The move amounts to a breakdown of traditional firewalls that have existed between the White House and the US Justice Department on prosecutorial discretion.
He urged the prosecutions of New York Attorney-General Letitia James (Democrat), former FBI director James Comey and Senator Adam Schiff (D-California), claiming all three were “guilty as hell” and that his supporters were noting “nothing has been done”.
Comey and James were both investigated but ultimately not charged by the US Attorney’s office for the Eastern District of Virginia this year. Both have denied any wrongdoing.
“We cant delay any longer, it’s killing our reputation and credibility,” Trump said in one message to Bondi.
“They impeached me twice, and indicted me (5 times!), OVER NOTHING. JUSTICE MUST BE SERVED, NOW!!!”
Trump’s messages were one of his most overt attempts to date to override the traditional restraints on a president’s involvement in law enforcement investigations.
It came after months of calling for criminal charges against those he perceives as political enemies, and a day after he called for the ouster of US Attorney for Eastern Virginia, Erik Siebert.
In one of the posts, Trump announced he intends to nominate Lindsey Halligan, a White House adviser and his former personal lawyer, to be the US Attorney in a high-profile office based in Virginia.
She has no prior experience as a prosecutor.
Halligan is a former Florida insurance lawyer who joined Trump’s personal legal team in 2022 and was at his Mar-a-Lago compound when the FBI executed a search warrant in its classified records investigation.
She is the White House adviser tasked with removing “improper ideology” from the Smithsonian Institution.
“She will be Fair, Smart, and will provide desperately needed, JUSTICE FOR ALL!” Trump said on Truth Social.
Siebert resigned under pressure on Saturday after eight months as interim leader.
It came after he decided not to pursue a mortgage fraud indictment against James, citing insufficient evidence.
Siebert, a Trump appointee who was initially recommended by advisers to Governor Glenn Youngkin (Republican), also recently declined to prosecute Comey.
Before Siebert resigned, his chief deputy, who would traditionally have assumed the role, was also demoted, leaving the leadership of the Alexandria-based office in question.

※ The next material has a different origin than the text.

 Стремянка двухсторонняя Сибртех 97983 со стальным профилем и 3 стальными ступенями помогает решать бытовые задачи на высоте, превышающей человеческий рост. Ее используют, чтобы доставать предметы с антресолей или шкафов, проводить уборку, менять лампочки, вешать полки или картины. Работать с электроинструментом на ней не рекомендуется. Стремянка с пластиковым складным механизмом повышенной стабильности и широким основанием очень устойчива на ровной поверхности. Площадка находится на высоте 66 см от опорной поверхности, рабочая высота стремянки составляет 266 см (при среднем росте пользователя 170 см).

Earlier yesterday the Justice Department installed an acting US Attorney, Mary “Maggie” Cleary, who most recently had been working in the Justice Department’s criminal division and before that worked as a local prosecutor in Northern Virginia.

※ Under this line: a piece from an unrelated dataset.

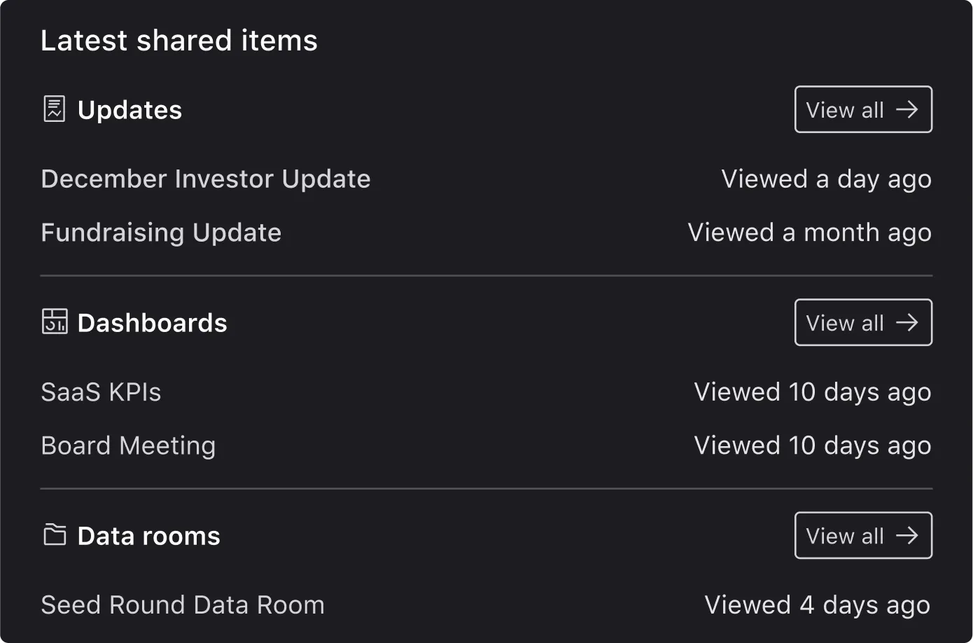 Share your pitch deck, data room, and updates from one place. Use our

In an essay published this year, Cleary claimed she had been “framed” as having participated in the January 6, 2021, attack on the US Capitol - an incident, she said, that ended with her being cleared by investigators and spurring her to apply for a US Attorney position.
In an email to staff yesterday, Cleary described her appointment as “unexpected” but told employees she was “humbled to be joining” their ranks, according to a copy reviewed by the Washington Post. She did not respond to an emailed request for comment.

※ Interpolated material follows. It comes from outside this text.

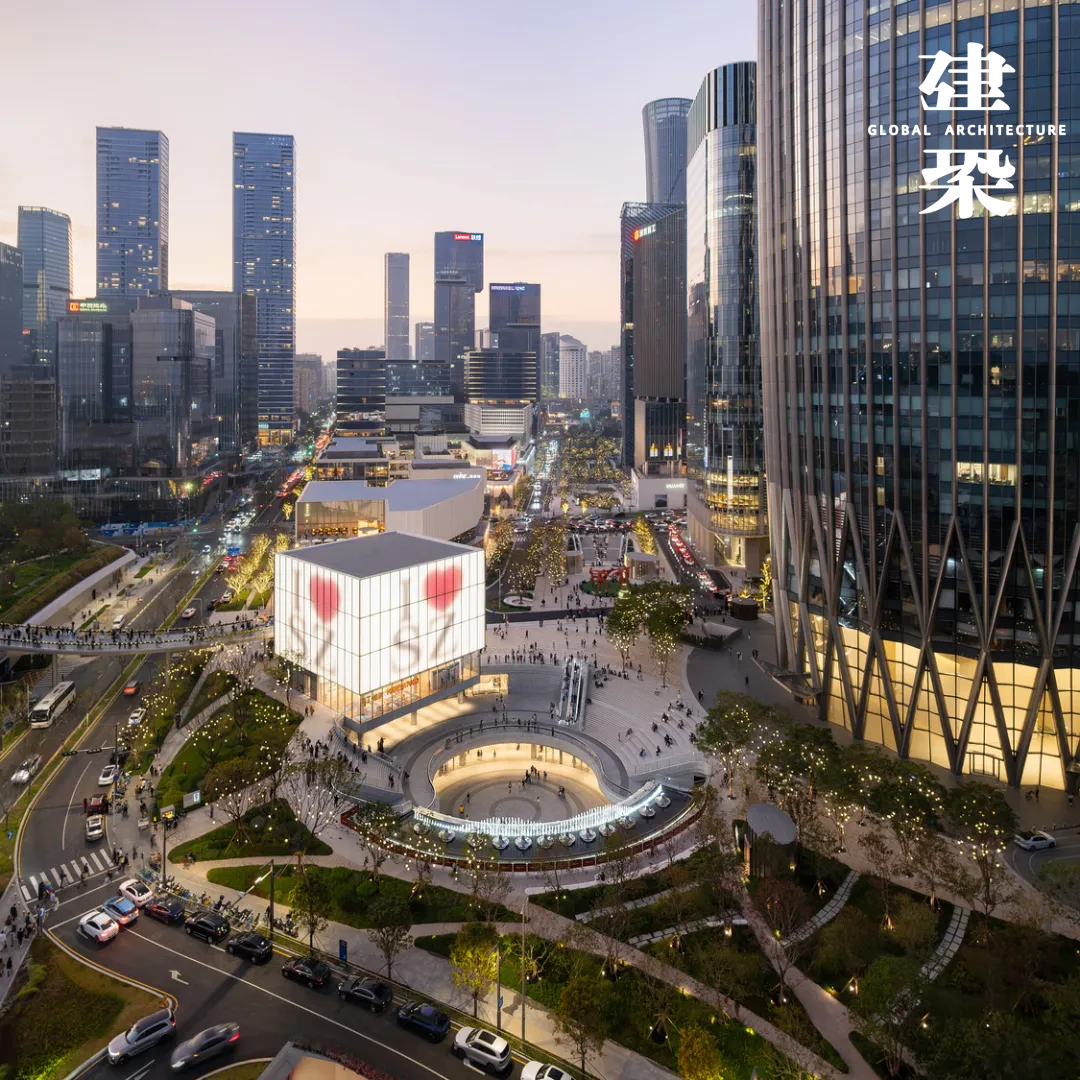 项目由KPF设计,广场充分呼应了所处的环境。尤其是与身旁挺拔的中国华润大厦之间,形成了巧妙而和谐的空间对话。整个广场通过圆形下沉区域,将方形的建筑体、流动的水幕与阶梯景观融为一体,既独立鲜明,又与天际线相衔接。

James and her lawyers have described the investigation into her real estate dealings as baseless and a brazen example of the Trump Administration using the Justice Department to seek “political retribution”. A separate mortgage fraud accusation against Schiff relates to a home he purchased in Maryland.
James secured a civil fraud judgment against Trump and representatives of his real estate empire last year, and since his return to the White House, James has joined several lawsuits challenging his Administration’s policies.
One social media post addressed to Bondi yesterday specifically linked Siebert’s ouster to the decision not to pursue charges against James and Comey.
A day earlier, the President, speaking to reporters in the Oval Office, described James as “very guilty of something”, though he cited no evidence to support that claim.
Trump, in his Oval Office remarks on Saturday, cited support for Siebert from Democratic senators’ Tim Kaine and Mark Warner for the top job in the Eastern District as a reason he needed to go.
Both senators had expressed their support to the President before Trump formally nominated Siebert to a full four-year term in the US Attorney’s job in May.
Trump said on social media yesterday that he was withdrawing Siebert’s nomination, hours after his resignation, insisting Siebert had not quit but was fired.
Chief among those calling for Siebert to be fired was Bill Pulte, the director of the Federal Housing Finance Agency, according to multiple people familiar with those discussions.
It was Pulte who initially alleged in April that James falsely listed a Norfolk home as her principal residence on a 2023 mortgage application to receive more favourable terms.
Her lawyer, Abbe Lowell, has dismissed the error as a paperwork mistake - one James quickly sought to correct in an email to her mortgage broker around the time of the purchase.
In a statement, Lowell called the campaign to oust Siebert “a brazen attack on the rule of law”.
“Firing people until he finds someone who will bend the law to carry out his revenge has been the President’s pattern - and it’s illegal,” Lowell said.
“Punishing this prosecutor, a Trump appointee, for doing his job sends a clear and chilling message that anyone who dares uphold the law over politics will face the same fate.”